# [EXERCISE INSTRUCTIONS]
Should the entries contain pictures, leave them out and return exactly the lines from the first through the line holding "Суратлизиб: Мухела шилизиб".

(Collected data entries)
= = = = =

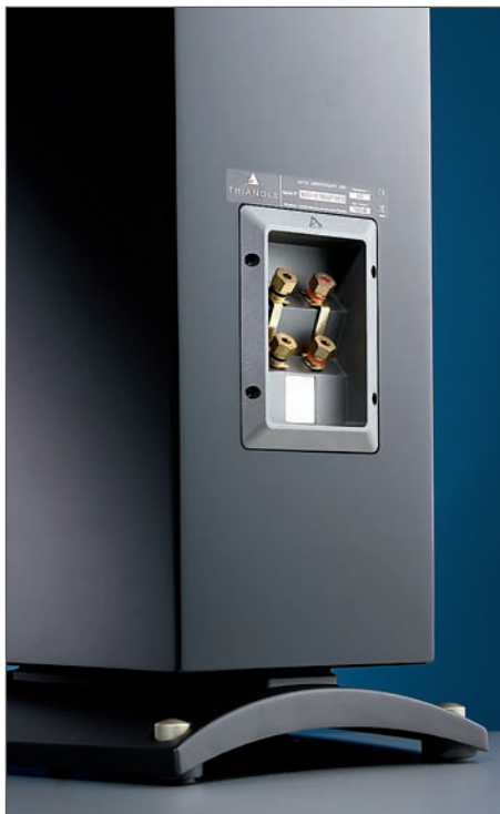
Podstawę wykonano z tworzywa sztucznego dobrej jakości. Zaciski podwójne, takie same jak w zwykłych Antalach Ex

go. Tu zastosowano już bardziej typowe zawieszenie z wklęsłej gumowej fałdy i kosze odlewane z dużymi układami magnetycznymi. Duży otwór bas-refleksu został ustawiony przy podstawie przedniej ścianki, tuż pod plakietką z autografem szefa Triangle'a. Ciekawie wygląda też podstawa. Najważniejszym elementem jest stożek wkręcany przy froncie kolumny, który przejmuje większość parcia na podłogę i odprowadza wibracje do jednego punktu. Stabilność kolumny jest zapewniona przez dodatkowe cztery regulowane stożki. Stosownym kluczem dopasujemy ich wysokość, by kolumna zachowała stabilność.
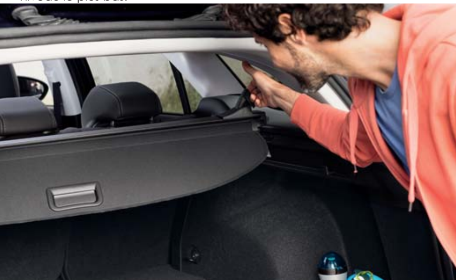
Le cache-bagage avec enrouleur se retire facilement d'une seule main.
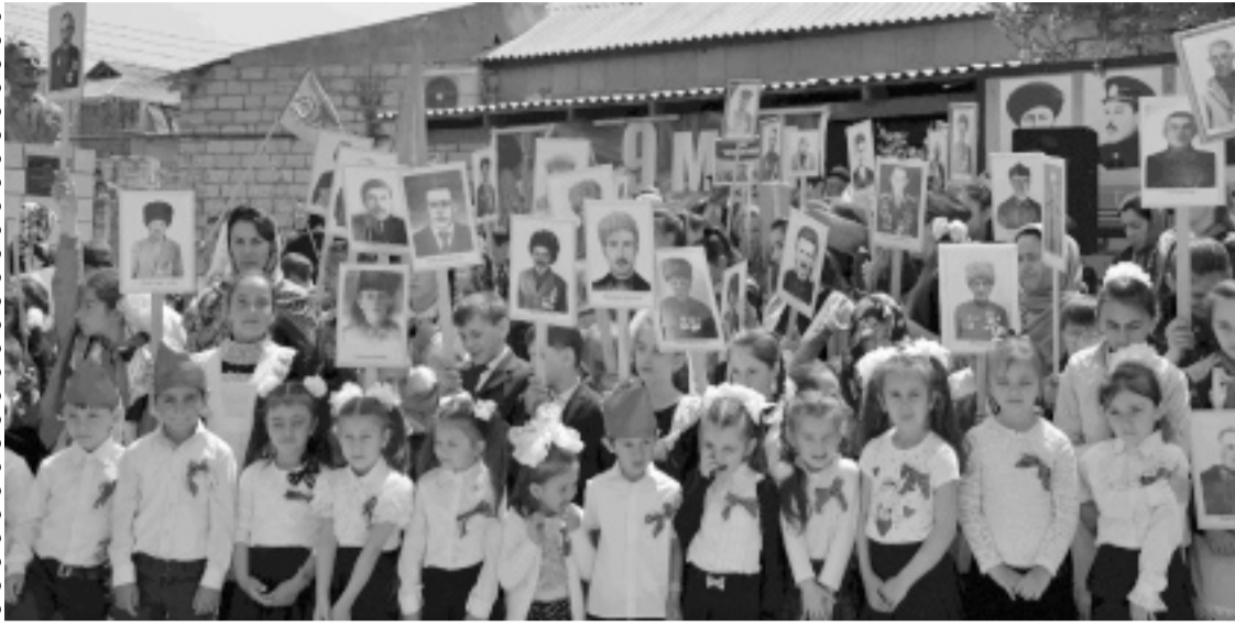
Суратлизиб: Мухела шилизиб Чедибдешла Бархила байрам.

Мухела шилизиб дахьал дусмазиб гяхлси гядатли бетаурли саби Чедибдешла байрам бахьал халкьла бутлакьяндешличил дурабуркни. Шила администрация, С. Кьурбанова училилси агрофирма, багьудила, культурала, медицинала учреждениеби, шила хьунул адамтала Совет-лебилра цабиубли хядурбируси ил байрам гьачам чебаибсини хьумхлертесили бетарули бирар.
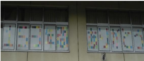
児童作「153年間ありがとう」図書室窓

11月3日(日)に実施される「閉校記念式典」の日も近づいてきました。これまで実行委員の皆様を中心とした準備活動が滞りなく行われました。運営に当たられた地域、保護者の皆様には、改めて心より感謝申し上げます。当日までの日々は、全校児童とともに最後の準備を行ってまいります。今後とも御協力の程、よろしく願いいたします。
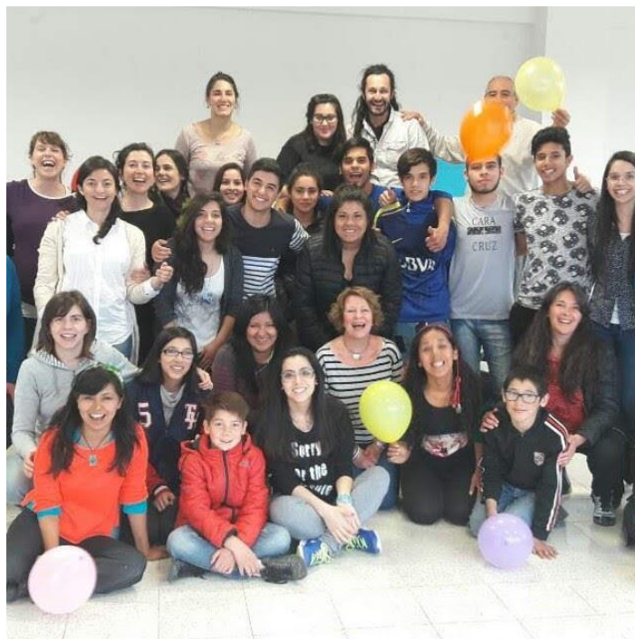
Imagen 1. Taller Teatro Comunitario
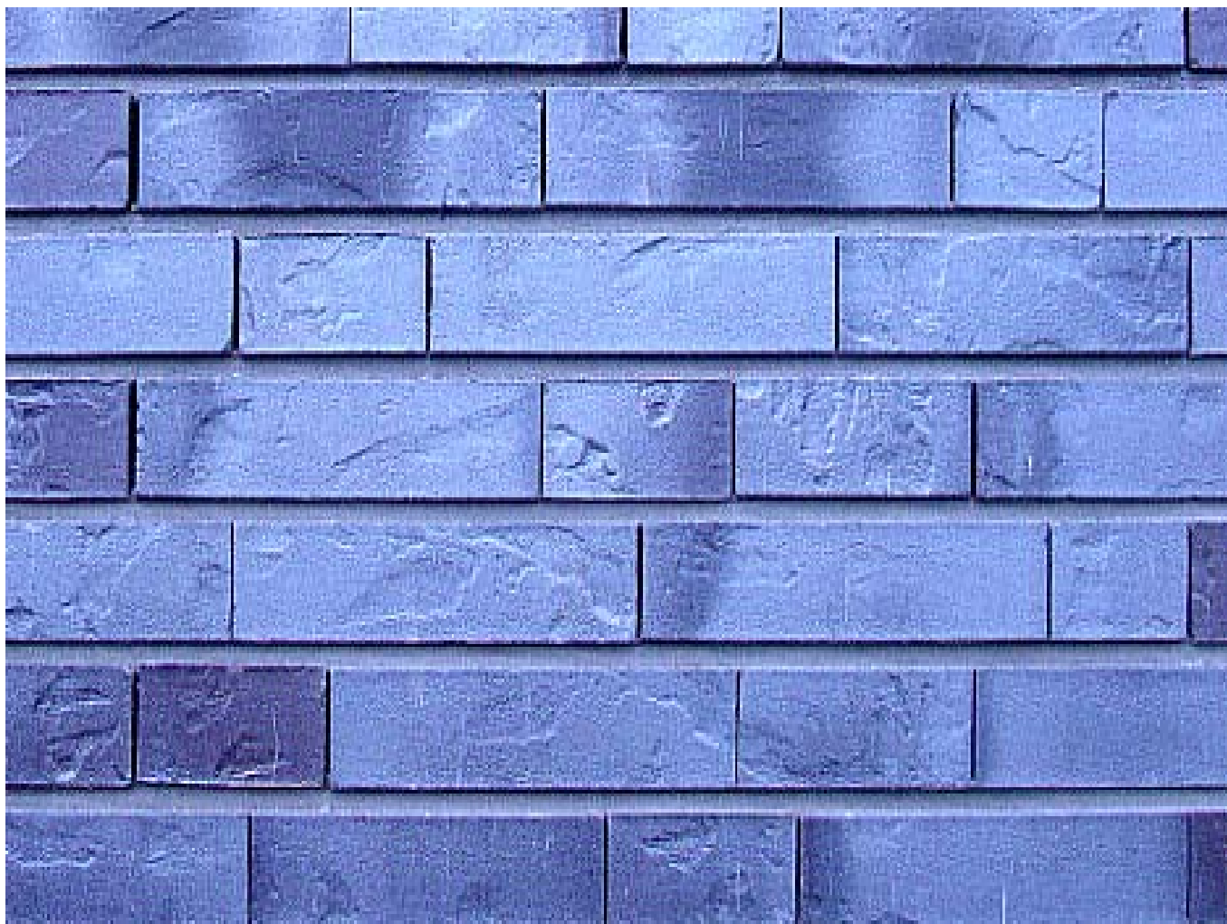
Voorbeeld: Leeuwarden, Friesland college, antraciete 5 mm verdiepte voeg, strengperssteen
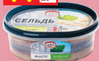
СЕЛЬДЬ В МАСЛЕ «Рыбная кухня», 500 г

= = = = =

# [EXERCISE SOLUTION]
Podstawę wykonano z tworzywa sztucznego dobrej jakości. Zaciski podwójne, takie same jak w zwykłych Antalach Ex

go. Tu zastosowano już bardziej typowe zawieszenie z wklęsłej gumowej fałdy i kosze odlewane z dużymi układami magnetycznymi. Duży otwór bas-refleksu został ustawiony przy podstawie przedniej ścianki, tuż pod plakietką z autografem szefa Triangle'a. Ciekawie wygląda też podstawa. Najważniejszym elementem jest stożek wkręcany przy froncie kolumny, który przejmuje większość parcia na podłogę i odprowadza wibracje do jednego punktu. Stabilność kolumny jest zapewniona przez dodatkowe cztery regulowane stożki. Stosownym kluczem dopasujemy ich wysokość, by kolumna zachowała stabilność.
Le cache-bagage avec enrouleur se retire facilement d'une seule main.
Суратлизиб: Мухела шилизиб Чедибдешла Бархила байрам.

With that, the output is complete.